He was very impressed with my tenaciousness in tearing down the old chicken coop and calf areas. Once he blew the permission whistle, I spent hours each day sledge-hammering it, pulling it, kicking it, bending it, dragging it, pounding on it, etc. That coop represented to me the evil of bullying. Some poor little chicken would get their drink from a place that iced over in the winter, and the ice would stick around one chicken's neck, pulling off some feathers. Then the other chickens would sense the weakness and come pick at the the poor thing til it got weaker and just died. With every yank, I remembered that injustice and wanted to make sure that that would not happen again, at least in one place in the world. No more bullying!

Also, there is not enough money in the entire world to get me back up on a rooftop.

Sunday, March 27, 2011

The Gruffs

I would often tell my Dad fairy stories, like Goldilocks and the Three Bears, The Three Little Pigs, the Three Red Riding Hoods...oh wait, only ONE Red Riding Hood. He acted like he hated those stories, which just made me tell the longest versions possible. One of those stories was The Three Billy Goats Gruff. (Read through to the end for a surprise.)

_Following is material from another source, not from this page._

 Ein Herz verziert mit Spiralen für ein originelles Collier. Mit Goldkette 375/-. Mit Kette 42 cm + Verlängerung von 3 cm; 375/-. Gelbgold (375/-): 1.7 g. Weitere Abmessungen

This is where the youngest Gruff kid would cross the bridge, "Trip, trap, trip, trap!" over the bridge.

"Who's that tripping over my bridge?" roared the troll .

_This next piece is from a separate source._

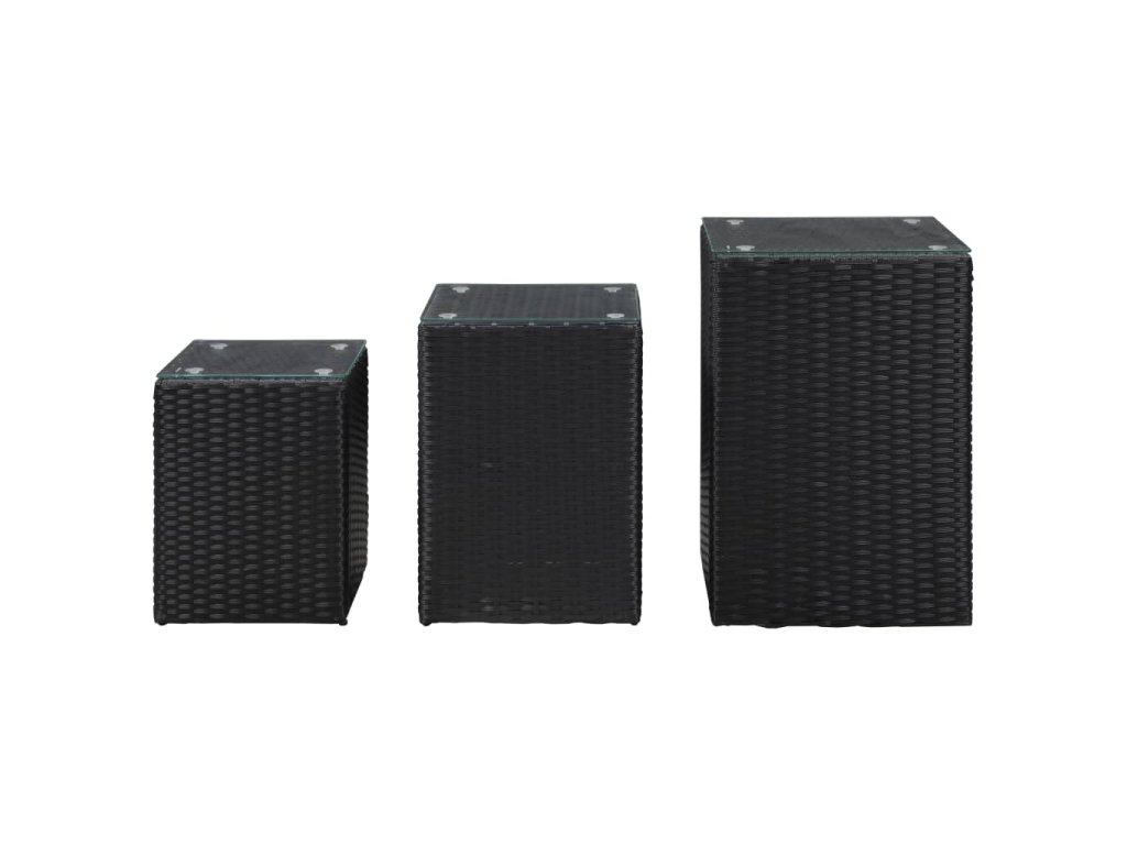 Odkládací stolky 3 ks se skleněnou deskou černé polyratan 46984

"Oh, it is only I, the tiniest Billy Goat Gruff , and I'm going up to the hillside to make myself fat," said the billy goat, with such a small voice.

"I'm coming to gobble you up," said the troll.

"Oh, no! Please don't eat me. I'm much too little," said the billy goat. "Wait a bit til the second Billy Goat Gruff comes along. He's much bigger."

"Well, be off with you," said the troll.

A little while after that came the second Billy Goat Gruff to cross the bridge.

Trip, trap, trip, trap, trip, trap, over the bridge.

"Who's that tripping over my bridge?" roared the troll.

"Oh, it's the second Billy Goat Gruff, and I'm going up to the hillside to make myself fat," said the billy goat, who hadn't such a small voice.

"I'm coming to gobble you up," said the troll.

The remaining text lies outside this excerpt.